*PROMPT:* Where a picture appears, leave it out; copy everything else in the records exactly.

THE DATA Block Start

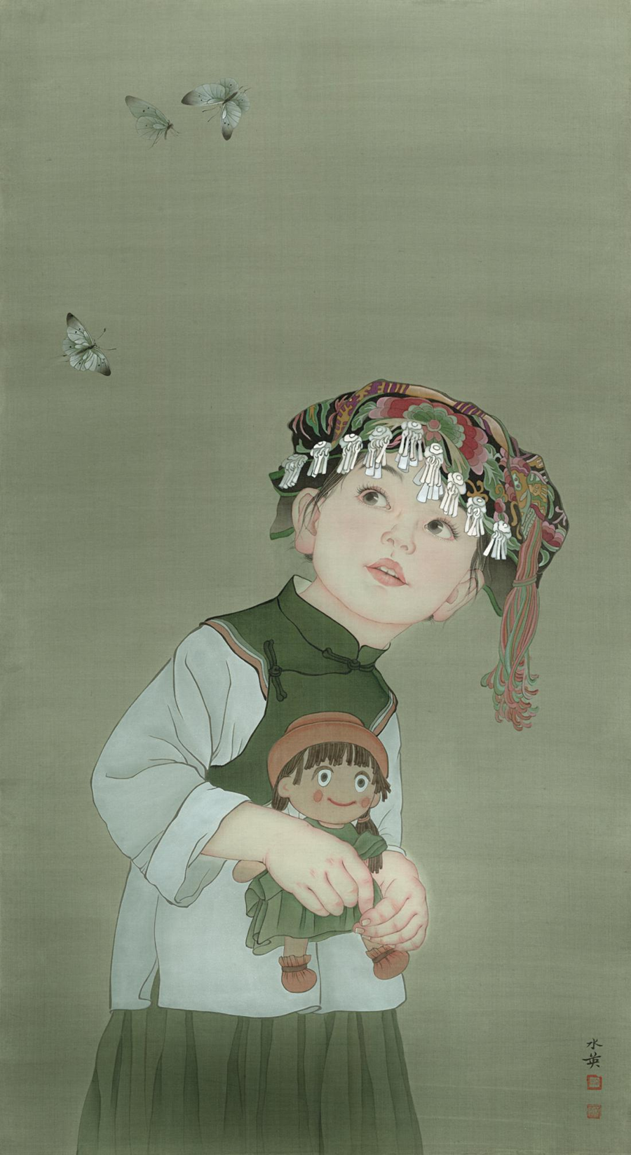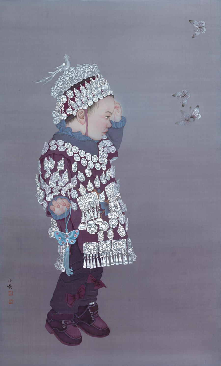 值得一提的是,向水英从事过多年的中小学美术教育工作,她也是两个孩子的母亲,对儿童有着特殊的情感。所以她十分专注于少数民族儿童系列创作。在她内心深处,单纯的孩童世界是一幅五彩斑斓的画。《摇啊摇,摇到外婆桥》《谁家黛帕乖》系列,《蝶儿飞飞》系列,以及《启航》《魔幻世界》《山果果》《五彩的梦》等等,她笔下的孩童系列,莫不形神毕肖,栩栩如生,惹人喜爱,既简单又丰富。通过少数民族儿童的形态塑造,运用细腻的线条,柔美的色调既表现出他们天真幼稚的天性,也反映出他们对未来美好的憧憬。既彰显出作者敏锐的洞察力,也表现出作者扎实的造型表现能力。诠释了作者内心的淡泊宁静以及对生活中美好事物的热爱。
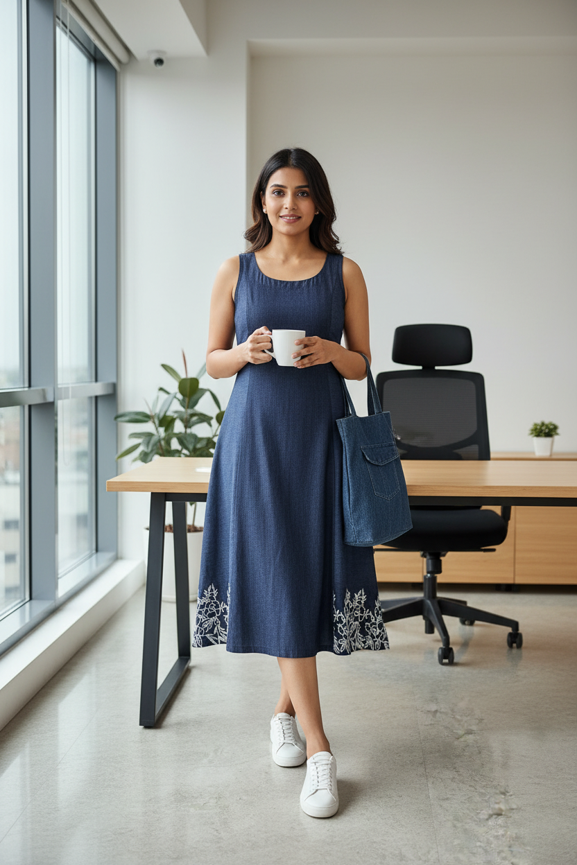 This unique dress is crafted from an innovative Cotton Silk Denim blend, offering the perfect trifecta of comfort, elegance, and durability. The cotton provides a soft, breathable base, while the silk infusion adds a subtle, luxurious sheen and fluid drape that elevates the denim's classic texture. The result is a dress with the familiar structure and color of denim but with a lightweight, supple feel, making it ideal for year-round wear.
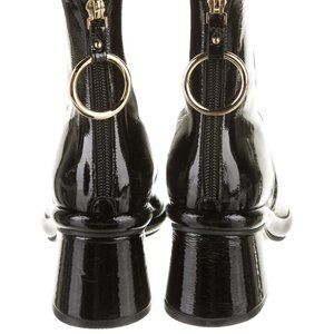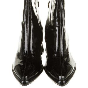 Black patent leather Reike Nen pointed-toe ankle boots with tonal stitching, covered heels and zip closures at shafts. Includes box and dust bag. Very good condition, only been worn twice. Light creasing at uppers; faint creasing at insoles; light residue at soles.
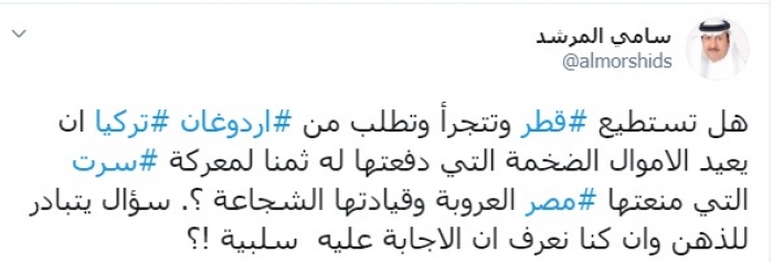 وكتب عبر تغريدة له على "تويتر" رصدها " المشهد العربي": "هل تستطيع قطروتتجرأ وتطلب من أردوغان تركيا أن يعيد الأموال الضخمة التي دفعتها له ثمنا لمعركة سرت التي منعتها مصر العروبة وقيادتها الشجاعة ؟سؤال يتبادر للذهن وإن كنا نعرف أن الإجابة عليه سلبية ".
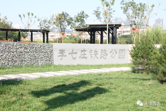 李七庄铁路公园全长3.45公里,占地14.3公顷,绿化总面积8万平方米,分为文化体验、生态休闲、健康活动三大功能区。在建设过程中,西青区把李港铁路废弃设施变废为宝,在原铁路上进行了塑木铺装,见缝插绿,因地制宜,形成了集生态涵养、历史印记、健身休闲为一体的城市绿洲。
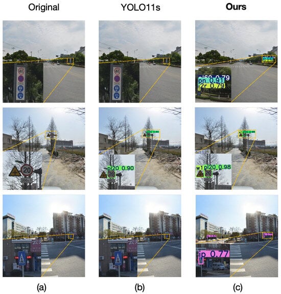 Traffic sign detection results on TT100K. (a) Original image; (b) Detection results using YOLO11s; (c) Detection results using our proposed method.
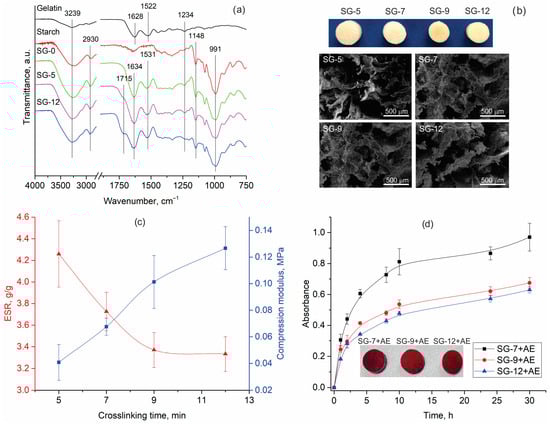 (a) ATR-FTIR spectra of gelatin, starch, and synthesized hydrogels, (b) visual appearance and microstructure of the lyophilized hydrogels, (c) equilibrium swelling ratio (ESR) and compression modulus of hydrogels, and (d) visual appearance and kinetic of release extract’s bioactive compounds from functionalized hydrogels (SG-X—starch/gelatin hydrogels, where X represents the crosslinking time (5, 7, 9, or 12 min), SG-X+AE—starch/gelatin hydrogels functionalized with aronia pomace extract). The data are expressed as mean values of four parallel measurements (n = 4) ± standard deviation.

THE DATA Block End

*RESPONSE BOX:*
 值得一提的是,向水英从事过多年的中小学美术教育工作,她也是两个孩子的母亲,对儿童有着特殊的情感。所以她十分专注于少数民族儿童系列创作。在她内心深处,单纯的孩童世界是一幅五彩斑斓的画。《摇啊摇,摇到外婆桥》《谁家黛帕乖》系列,《蝶儿飞飞》系列,以及《启航》《魔幻世界》《山果果》《五彩的梦》等等,她笔下的孩童系列,莫不形神毕肖,栩栩如生,惹人喜爱,既简单又丰富。通过少数民族儿童的形态塑造,运用细腻的线条,柔美的色调既表现出他们天真幼稚的天性,也反映出他们对未来美好的憧憬。既彰显出作者敏锐的洞察力,也表现出作者扎实的造型表现能力。诠释了作者内心的淡泊宁静以及对生活中美好事物的热爱。
 This unique dress is crafted from an innovative Cotton Silk Denim blend, offering the perfect trifecta of comfort, elegance, and durability. The cotton provides a soft, breathable base, while the silk infusion adds a subtle, luxurious sheen and fluid drape that elevates the denim's classic texture. The result is a dress with the familiar structure and color of denim but with a lightweight, supple feel, making it ideal for year-round wear.
 Black patent leather Reike Nen pointed-toe ankle boots with tonal stitching, covered heels and zip closures at shafts. Includes box and dust bag. Very good condition, only been worn twice. Light creasing at uppers; faint creasing at insoles; light residue at soles.
 وكتب عبر تغريدة له على "تويتر" رصدها " المشهد العربي": "هل تستطيع قطروتتجرأ وتطلب من أردوغان تركيا أن يعيد الأموال الضخمة التي دفعتها له ثمنا لمعركة سرت التي منعتها مصر العروبة وقيادتها الشجاعة ؟سؤال يتبادر للذهن وإن كنا نعرف أن الإجابة عليه سلبية ".
 李七庄铁路公园全长3.45公里,占地14.3公顷,绿化总面积8万平方米,分为文化体验、生态休闲、健康活动三大功能区。在建设过程中,西青区把李港铁路废弃设施变废为宝,在原铁路上进行了塑木铺装,见缝插绿,因地制宜,形成了集生态涵养、历史印记、健身休闲为一体的城市绿洲。
 Traffic sign detection results on TT100K. (a) Original image; (b) Detection results using YOLO11s; (c) Detection results using our proposed method.
 (a) ATR-FTIR spectra of gelatin, starch, and synthesized hydrogels, (b) visual appearance and microstructure of the lyophilized hydrogels, (c) equilibrium swelling ratio (ESR) and compression modulus of hydrogels, and (d) visual appearance and kinetic of release extract’s bioactive compounds from functionalized hydrogels (SG-X—starch/gelatin hydrogels, where X represents the crosslinking time (5, 7, 9, or 12 min), SG-X+AE—starch/gelatin hydrogels functionalized with aronia pomace extract). The data are expressed as mean values of four parallel measurements (n = 4) ± standard deviation.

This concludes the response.